Data below:
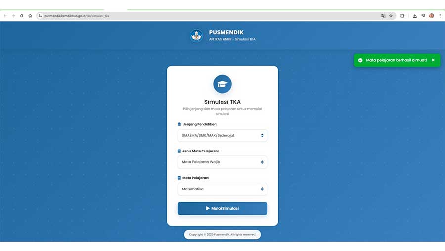 Platform tersebut menjadi satu-satunya jalur resmi untuk mengikuti simulasi TKA tahun ini.
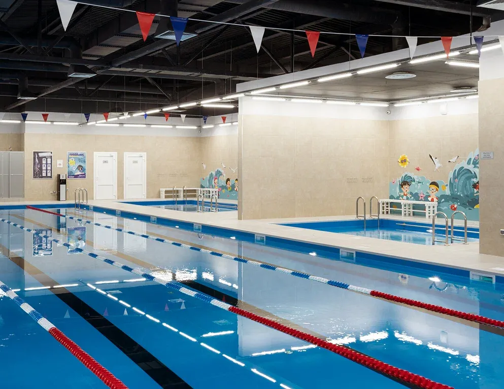 Фитнес-клуб с бассейном и спа-зоной для плавания и восстановления. В распоряжении гостей спортивный бассейн с двумя дорожками и отдельный детский бассейн глубиной 60 см. Для релаксации работает спа-комплекс: хамам, две финские сауны, инфракрасная кабина и джакузи. Также доступны массажный кабинет и фитнес-бар. Тренажерный зал оснащен для силовых и кардиотренировок, есть зона свободных весов, секции для единоборств и велотренировок, два стола для тенниса. В аэробном зале проходят занятия по растяжке и коррекции осанки. Для детей организованы секции плавания для разных возрастов.
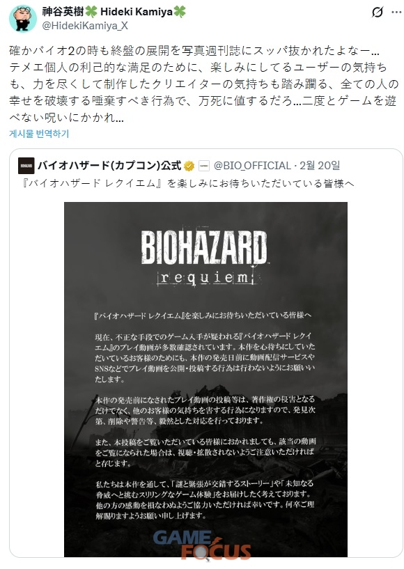 캡콤의 베스트 프렌차이즈 시리즈 ‘바이오 하자드’의 9번째 넘버링 타이틀 신작으로 기대를 모으고 있는 ‘바이오하자드 레퀴엠’의 유출과 관련해 ‘바이오하자드’, ‘역전재판’, ‘데빌 메이 크라이’, ‘베요네타’ 등 다양한 작품에 참여한 일본의 유명 개발자 카미야 히데키가 강도 높은 비판의 목소리를 냈다.
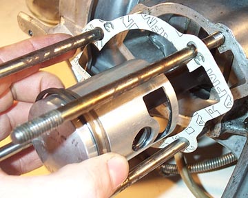 the piston. This gasket will only fit one way due to the cylinder studs.

Aim of the exercise:
Transcribe the material exactly, leaving every picture out.

Task response:
 Platform tersebut menjadi satu-satunya jalur resmi untuk mengikuti simulasi TKA tahun ini.
 Фитнес-клуб с бассейном и спа-зоной для плавания и восстановления. В распоряжении гостей спортивный бассейн с двумя дорожками и отдельный детский бассейн глубиной 60 см. Для релаксации работает спа-комплекс: хамам, две финские сауны, инфракрасная кабина и джакузи. Также доступны массажный кабинет и фитнес-бар. Тренажерный зал оснащен для силовых и кардиотренировок, есть зона свободных весов, секции для единоборств и велотренировок, два стола для тенниса. В аэробном зале проходят занятия по растяжке и коррекции осанки. Для детей организованы секции плавания для разных возрастов.
 캡콤의 베스트 프렌차이즈 시리즈 ‘바이오 하자드’의 9번째 넘버링 타이틀 신작으로 기대를 모으고 있는 ‘바이오하자드 레퀴엠’의 유출과 관련해 ‘바이오하자드’, ‘역전재판’, ‘데빌 메이 크라이’, ‘베요네타’ 등 다양한 작품에 참여한 일본의 유명 개발자 카미야 히데키가 강도 높은 비판의 목소리를 냈다.
 the piston. This gasket will only fit one way due to the cylinder studs.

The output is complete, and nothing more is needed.